ASSIGNMENT – Repeat the records word for word, excluding any picture.

Stored dataset items
[Start of section]

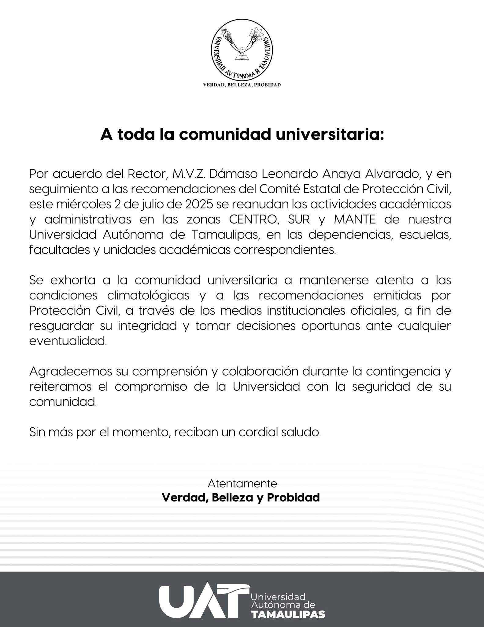 Este miércoles 2 de julio de 2025 se reanudarán las actividades académicas y administrativas en las zonas Centro, Sur y Mante de la UAT, conforme a las recomendaciones del Comité Estatal de Protección Civil.
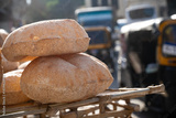 Freshly oven baked traditional Baladi flat bread, for sale in Cairo, similar to pitta bread is a staple of Egyptian cuisine is cooked and sold all over Egypt
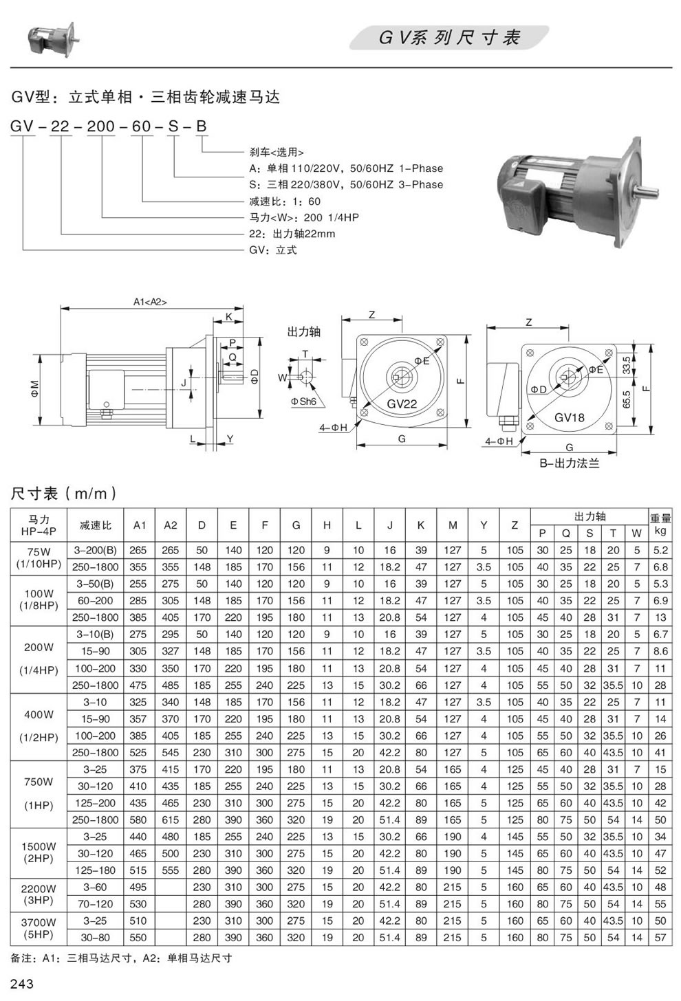 GV立式齒輪減速電機的型号表示方式,GV立式小齒輪減速機馬達的外形尺寸表,具體型号: GV18,GV22,GV28,GV32,GV40,GV50; 可配電機功率: 75W(1/10HP),100W(1/8HP),200W(1/4HP),400W(1/2HP),750W(1HP),1500W(2HP),2200W(3HP),3700W(5HP)
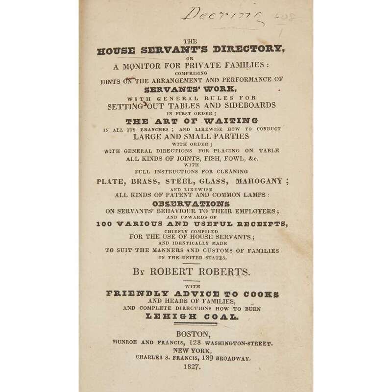 [African Americana] Roberts, Robert The House Servants Directory, or A Monitor for Private Families: comprising Hints on the Arrangements and Performance of Servant’s Work,... The Art of Waiting,... Observations on Servants’ Behavi...
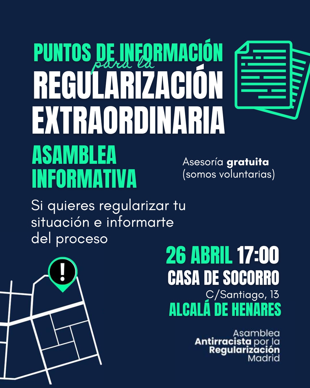 馃棧Si eres una persona migrante y te quieres acoger a la regularizaci贸n extraordinaria anunciada por el gobierno, te animamos a venir a esta sesi贸n informativa en la que presentaremos el nodo de apoyo que ha surgido en Alcal谩.

[End of section]

THE COMPLETED TASK –
 Este miércoles 2 de julio de 2025 se reanudarán las actividades académicas y administrativas en las zonas Centro, Sur y Mante de la UAT, conforme a las recomendaciones del Comité Estatal de Protección Civil.
 Freshly oven baked traditional Baladi flat bread, for sale in Cairo, similar to pitta bread is a staple of Egyptian cuisine is cooked and sold all over Egypt
 GV立式齒輪減速電機的型号表示方式,GV立式小齒輪減速機馬達的外形尺寸表,具體型号: GV18,GV22,GV28,GV32,GV40,GV50; 可配電機功率: 75W(1/10HP),100W(1/8HP),200W(1/4HP),400W(1/2HP),750W(1HP),1500W(2HP),2200W(3HP),3700W(5HP)
 [African Americana] Roberts, Robert The House Servants Directory, or A Monitor for Private Families: comprising Hints on the Arrangements and Performance of Servant’s Work,... The Art of Waiting,... Observations on Servants’ Behavi...
 馃棧Si eres una persona migrante y te quieres acoger a la regularizaci贸n extraordinaria anunciada por el gobierno, te animamos a venir a esta sesi贸n informativa en la que presentaremos el nodo de apoyo que ha surgido en Alcal谩.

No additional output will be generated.